Why
are million-dollar information technology (IT) investment decisions based on
single-point green, yellow, and red visual indicators, which are poorly defined
and ineffective abstractions of the fundamental components of risk—probability
and impact? Decisions are founded on a weak understanding of the risk without
considering a range of possible outcomes for any choice of action.
I
offer three assumptions regarding risk that show why I believe we must improve
our assessment and communication of risk. These include:
• Risk is
fundamentally determined by the likelihood of an undesirable event, and the
impact of such an event.
• Risk in federal
IT programs is mostly presented in qualitative terms of colors—red (high),
yellow (medium) or green (low).
• Risk assessment
and management are important activities for successful project management.
A More Detailed Look
Risk
determination depends upon the type of threat, weakness or vulnerability.
However, framing risk based only on potential dangers does very little to
enable value-based investment judgments. In fact, using technical jargon to
present risk supports poor value judgments because there is no assessment of
the odds that something bad actually will happen. As a result, decision makers
often are left with only a binary choice of whether to commit resources. For
example, the IT professional might describe a cyber-security risk as an unauthorized
access breach that could expose employee records to compromise if stronger
access management controls are not put into place. In the best-case scenario,
the business leader is somewhat better informed and at worst has misleading
value information on which to base decisions. Properly framing risk in terms of
the probability and associated consequence magnitude allows evaluation of the
level of uncertainty. Communicating the same cyber risk as a 10 percent
probability that unauthorized access could result in an annual business cost of
$2 million enables the organization leaders to determine how much risk they are
willing to mitigate at the corresponding cost.
Risk
management seeks to define uncertainty as the probability of an event—and the
business effect, positive or negative, of such an event. In terms of program
and project management, risk is most often expressed for individual cost,
schedule and performance variables in relationship to delivering the end
product. Different disciplines such as research, engineering development, and
logistics may each have its own perspective on project risk. But managing
activity risk must not be confused with investment decisions that aggregate the
effect of all variables to permit best-value business case investment analysis.
Monte
Carlo simulation is an excellent quantitative method for determining the
likelihood of a potential loss within any of several designated intervals, over
a range of values. Standard Microsoft Excel is more than adequate for creating
simulation models and displaying possible scenario impact outcomes graphically
as familiar charts. In the simulation model, the SMEs provide their estimates
for the risk factors; specifically, providing the values for the upper and
lower bounds, with a 90 percent certainty.
The
probability and impact simulation results for this hypothetical project are
displayed in Figure 2, indicating that for 10,000 simulations there is a 90
percent likelihood that the annual cost will exceed about $46 million and a 10
percent probability that the annual cost will exceed about $50 million, with a
median (50 percent likelihood) expected annual cost of about $48 million. The
values between 90 percent and 10 percent represent an 80 percent confidence
interval, but any level of risk can be determined simply by examining the
exceedance probability curve.
When
communicating with business leaders, the same information could be presented as
in Figure 3. Because Excel calculates 10,000 simulations of this model in about
1 second, leaders could quickly receive answers to “what if” sensitivity
analysis questions that change the risk simulation variable values such as
labor and material costs, purchase versus lease, number of units produced or
purchased, workforce size and payment schedules. Creating an initial risk
simulation model from existing Monte Carlo modeling templates took about a
week, but subsequently building the model used in this example took only about
1 hour. The simulation model is clearly a significant improvement over ALE and
red-yellow-green risk communication. First, simulation considers thousands of
possible outcomes, not just the average outcome. Second, simulation assesses
the likelihood of each outcome. Third, risk analysis can then be communicated
as quantified values rather than hunches or guesses.

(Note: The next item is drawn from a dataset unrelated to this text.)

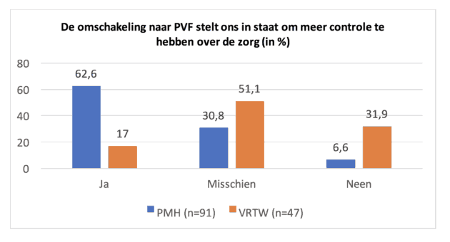 In dezelfde lijn verwacht 32% van de personen met handicap in de toekomst meer keuzes te kunnen maken, 13% van de vertegenwoordigers volgt die positieve kijk. In een scherper geformuleerde stelling komen de verschillen nog meer tot uiting. 63% van de personen met handicap bevestigen dat persoonsvolgende financiering hen meer controle geeft over de zorg, tegenover 17% van de vertegenwoordigers.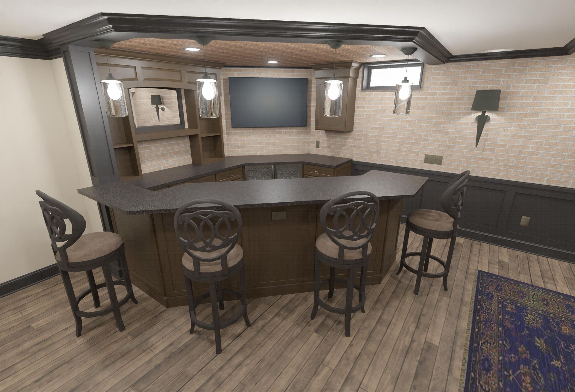 - Custom bar with brick walls, tin ceiling, and custom wainscoting

Conclusions and Recommendations
Business
leaders facing uncertainty for significant investments in complex and expensive
IT projects require more than simple risk heat maps to inform their decisions.
Accurate and meaningful communication of risk requires a quantitative
measurement of business impact. Risk simulation provides an inexpensive yet
effective method for reducing uncertainty, by quantifying probability and
impact for a possible future event, within a specified time period, over a
range of values, with a specified confidence level. Communicating risk as, “90
percent likelihood that the annual cost will exceed about $46 million with a
median (50 percent likelihood) annual cost of about $48 million” is far more
useful to making a better-informed business decision than simply stating that
increased project cost is “Very Low, Low, Moderate, High, or Very High.”
To
begin transitioning from risk matrix to risk simulation for investment
circumstances I recommend the following:
• Schedule FY 2018
and FY 2019 for discussion, publishing guidance and creating training
opportunities. Then, beginning in FY 2020, provide that Monte Carlo risk
simulation become mandatory for all IT investment decisions exceeding $1
million.
• Establish a
library of basic simulation models and tutorials to facilitate rapid
development for a variety of applications.